DATA FOR REVIEW START
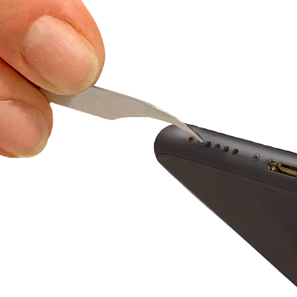 Ideal zum Lösen von Schmutz in der Ladebuchse. Die Spitze dieses Werkzeugs erreicht auch filigrane und tiefliegende Stellen deiner Geräte und kann hier Schmutz auflockern.
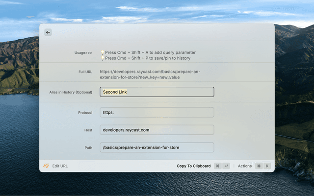 A productivity-focused Raycast extension for parsing, editing, and managing URLs with advanced features like query parameter editing, QR code generation, clipboard integration, and custom aliases for easy recall.
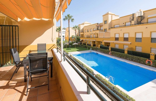 Outside, there is a large shared pool measuring 20 meters long and 10 meters wide, which is fenced as a safety measure for the little ones, and surrounded by the communal garden. Inside the apartment, the furnished terrace becomes the ideal place to relax after a day enjoying the sea and the good temperatures. The cozy and bright apartment is located on the first floor of the building, which has an elevator. Inside, the living-dining room is equipped with air conditioning, and Smart TV for the entertainment of guests. The kitchen has a ceramic hob. You will also find a laundry area with a washing machine, iron, and ironing board. The house has two bedrooms, both equipped with air conditioning. The master bedroom offers a double bed and a cot available, while the second bedroom has two single beds. The extra guest can sleep on the sofa bed in the living room. There are two bathrooms with a bathtub, one of them en suite. Costa Ballena, located in Rota, Cádiz, is a beautiful urbanization that combines the natural beauty of the Costa de la Luz with first-class facilities. Its golden sandy beaches and crystal-clear waters invite you to relax and practice water sports. It also has a wide range of services, including hotels, gourmet restaurants, shops, and leisure activities, ensuring an unforgettable holiday experience for those seeking luxury and comfort by the sea. The communal pool is only available during the summer season. Consult the advertiser for possible charges. Pets are not allowed. The holding of events is forbidden. There are parking space for 1 cars in the garage. Please note that the opening and closing dates of the communal pool are subject to community regulations and may vary depending on the season, without prior notice. Updated information will be available upon your arrival. Distances Beach: 0.450 km - Playa de la Ballena Airport: 41 km - Aeropuerto de Jerez Golf course: 2.1 km - Costa Ballena Ocean Golf Club Town: 11.4 km - Rota Train station: 30.8 km - Jerez de la Frontera Bus stop: 0.350 km - Costa Ballena Ferry: 45.8 km - Cádiz Hospital: 31.8 km - Hospital Jerez de la Frontera Tourist license: VUT/CA/19378Single Rental Registry: ESFCTU0000110230002734540000000000000000VFT/CA/193786
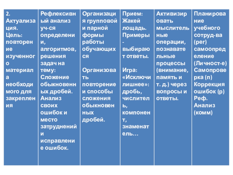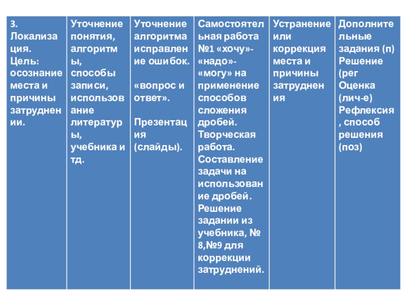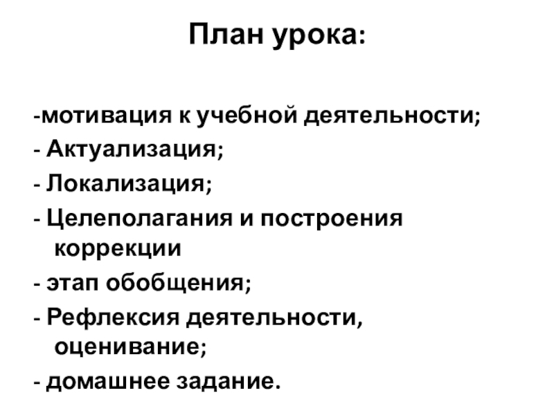 План урока: -мотивация к учебной деятельности;- Актуализация;- Локализация;- Целеполагания и построения коррекции- этап обобщения;- Рефлексия деятельности, оценивание;-
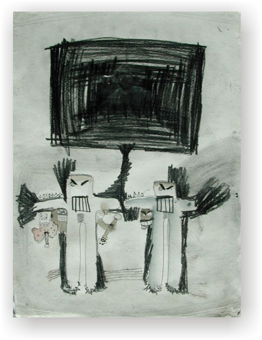 Objectbeschreibung: Graphitstifte, Aquarellfarbe und Buntstifte auf schweres Büttenpapier. 77 cm auf 57 cm unsigniert, 2001
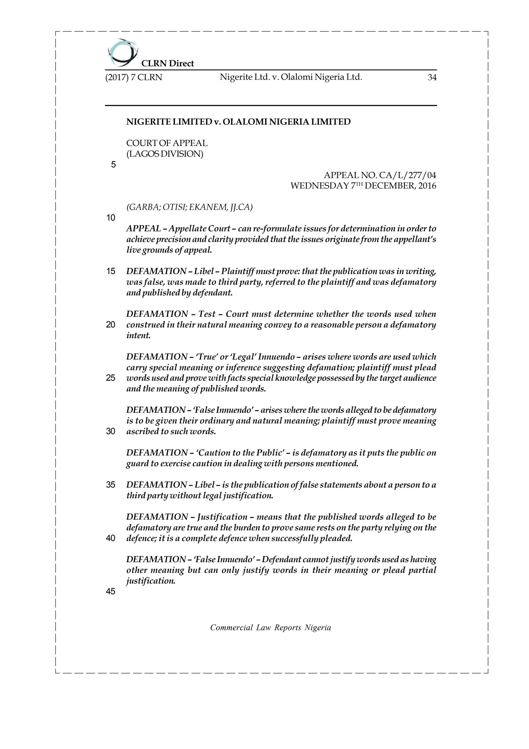 The respondent filed its action at the High Court of Lagos State alleging that the words published by the respondent caused injury to its business reputation. The words alleged to be defamatory were interpreted into English language from Yoruba, the language of publication suggesting that the respondent no longer sells quality products of the appellant and cautioning roofing carpenters, Nigerite dealers and the general public to beware. The appellant also listed the outlets of the respondent in the advert stating that its quality products cannot be bought in the locations listed. The respondent alleged that the said advert is suggestive of the fact that it does not sell original but fake products.
DATA FOR REVIEW END
Omit the pictures, then copy out all the data exactly as it stands.

 Ideal zum Lösen von Schmutz in der Ladebuchse. Die Spitze dieses Werkzeugs erreicht auch filigrane und tiefliegende Stellen deiner Geräte und kann hier Schmutz auflockern.
 A productivity-focused Raycast extension for parsing, editing, and managing URLs with advanced features like query parameter editing, QR code generation, clipboard integration, and custom aliases for easy recall.
 Outside, there is a large shared pool measuring 20 meters long and 10 meters wide, which is fenced as a safety measure for the little ones, and surrounded by the communal garden. Inside the apartment, the furnished terrace becomes the ideal place to relax after a day enjoying the sea and the good temperatures. The cozy and bright apartment is located on the first floor of the building, which has an elevator. Inside, the living-dining room is equipped with air conditioning, and Smart TV for the entertainment of guests. The kitchen has a ceramic hob. You will also find a laundry area with a washing machine, iron, and ironing board. The house has two bedrooms, both equipped with air conditioning. The master bedroom offers a double bed and a cot available, while the second bedroom has two single beds. The extra guest can sleep on the sofa bed in the living room. There are two bathrooms with a bathtub, one of them en suite. Costa Ballena, located in Rota, Cádiz, is a beautiful urbanization that combines the natural beauty of the Costa de la Luz with first-class facilities. Its golden sandy beaches and crystal-clear waters invite you to relax and practice water sports. It also has a wide range of services, including hotels, gourmet restaurants, shops, and leisure activities, ensuring an unforgettable holiday experience for those seeking luxury and comfort by the sea. The communal pool is only available during the summer season. Consult the advertiser for possible charges. Pets are not allowed. The holding of events is forbidden. There are parking space for 1 cars in the garage. Please note that the opening and closing dates of the communal pool are subject to community regulations and may vary depending on the season, without prior notice. Updated information will be available upon your arrival. Distances Beach: 0.450 km - Playa de la Ballena Airport: 41 km - Aeropuerto de Jerez Golf course: 2.1 km - Costa Ballena Ocean Golf Club Town: 11.4 km - Rota Train station: 30.8 km - Jerez de la Frontera Bus stop: 0.350 km - Costa Ballena Ferry: 45.8 km - Cádiz Hospital: 31.8 km - Hospital Jerez de la Frontera Tourist license: VUT/CA/19378Single Rental Registry: ESFCTU0000110230002734540000000000000000VFT/CA/193786
 План урока: -мотивация к учебной деятельности;- Актуализация;- Локализация;- Целеполагания и построения коррекции- этап обобщения;- Рефлексия деятельности, оценивание;-
 Objectbeschreibung: Graphitstifte, Aquarellfarbe und Buntstifte auf schweres Büttenpapier. 77 cm auf 57 cm unsigniert, 2001
 The respondent filed its action at the High Court of Lagos State alleging that the words published by the respondent caused injury to its business reputation. The words alleged to be defamatory were interpreted into English language from Yoruba, the language of publication suggesting that the respondent no longer sells quality products of the appellant and cautioning roofing carpenters, Nigerite dealers and the general public to beware. The appellant also listed the outlets of the respondent in the advert stating that its quality products cannot be bought in the locations listed. The respondent alleged that the said advert is suggestive of the fact that it does not sell original but fake products.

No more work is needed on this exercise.